Task goal: Could you copy every record below exactly as it stands?

Material provided:
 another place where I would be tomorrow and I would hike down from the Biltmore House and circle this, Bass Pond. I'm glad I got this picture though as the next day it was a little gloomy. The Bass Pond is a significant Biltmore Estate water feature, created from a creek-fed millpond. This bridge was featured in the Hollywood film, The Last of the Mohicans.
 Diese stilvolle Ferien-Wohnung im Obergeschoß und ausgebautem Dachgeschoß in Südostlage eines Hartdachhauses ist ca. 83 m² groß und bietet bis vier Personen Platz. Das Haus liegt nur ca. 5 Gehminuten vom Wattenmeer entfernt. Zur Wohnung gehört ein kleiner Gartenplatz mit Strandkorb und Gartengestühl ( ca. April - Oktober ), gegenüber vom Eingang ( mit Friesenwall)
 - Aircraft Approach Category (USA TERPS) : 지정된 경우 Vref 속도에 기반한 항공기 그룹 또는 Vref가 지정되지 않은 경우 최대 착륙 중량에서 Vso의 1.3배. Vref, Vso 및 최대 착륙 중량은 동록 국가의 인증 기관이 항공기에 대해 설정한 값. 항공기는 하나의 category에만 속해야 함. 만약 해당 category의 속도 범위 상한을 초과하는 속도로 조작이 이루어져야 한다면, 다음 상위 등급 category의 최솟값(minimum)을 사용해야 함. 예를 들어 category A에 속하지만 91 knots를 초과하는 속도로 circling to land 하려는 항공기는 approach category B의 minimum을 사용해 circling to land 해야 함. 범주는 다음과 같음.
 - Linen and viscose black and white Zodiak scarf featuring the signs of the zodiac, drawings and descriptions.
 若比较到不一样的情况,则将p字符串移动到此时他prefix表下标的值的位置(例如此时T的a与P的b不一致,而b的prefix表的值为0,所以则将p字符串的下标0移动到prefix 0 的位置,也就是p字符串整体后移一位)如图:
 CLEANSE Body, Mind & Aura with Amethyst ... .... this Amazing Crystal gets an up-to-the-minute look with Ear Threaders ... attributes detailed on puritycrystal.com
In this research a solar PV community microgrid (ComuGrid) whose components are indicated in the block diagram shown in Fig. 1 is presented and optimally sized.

Result for this task:
 another place where I would be tomorrow and I would hike down from the Biltmore House and circle this, Bass Pond. I'm glad I got this picture though as the next day it was a little gloomy. The Bass Pond is a significant Biltmore Estate water feature, created from a creek-fed millpond. This bridge was featured in the Hollywood film, The Last of the Mohicans.
 Diese stilvolle Ferien-Wohnung im Obergeschoß und ausgebautem Dachgeschoß in Südostlage eines Hartdachhauses ist ca. 83 m² groß und bietet bis vier Personen Platz. Das Haus liegt nur ca. 5 Gehminuten vom Wattenmeer entfernt. Zur Wohnung gehört ein kleiner Gartenplatz mit Strandkorb und Gartengestühl ( ca. April - Oktober ), gegenüber vom Eingang ( mit Friesenwall)
 - Aircraft Approach Category (USA TERPS) : 지정된 경우 Vref 속도에 기반한 항공기 그룹 또는 Vref가 지정되지 않은 경우 최대 착륙 중량에서 Vso의 1.3배. Vref, Vso 및 최대 착륙 중량은 동록 국가의 인증 기관이 항공기에 대해 설정한 값. 항공기는 하나의 category에만 속해야 함. 만약 해당 category의 속도 범위 상한을 초과하는 속도로 조작이 이루어져야 한다면, 다음 상위 등급 category의 최솟값(minimum)을 사용해야 함. 예를 들어 category A에 속하지만 91 knots를 초과하는 속도로 circling to land 하려는 항공기는 approach category B의 minimum을 사용해 circling to land 해야 함. 범주는 다음과 같음.
 - Linen and viscose black and white Zodiak scarf featuring the signs of the zodiac, drawings and descriptions.
 若比较到不一样的情况,则将p字符串移动到此时他prefix表下标的值的位置(例如此时T的a与P的b不一致,而b的prefix表的值为0,所以则将p字符串的下标0移动到prefix 0 的位置,也就是p字符串整体后移一位)如图:
 CLEANSE Body, Mind & Aura with Amethyst ... .... this Amazing Crystal gets an up-to-the-minute look with Ear Threaders ... attributes detailed on puritycrystal.com
In this research a solar PV community microgrid (ComuGrid) whose components are indicated in the block diagram shown in Fig. 1 is presented and optimally sized.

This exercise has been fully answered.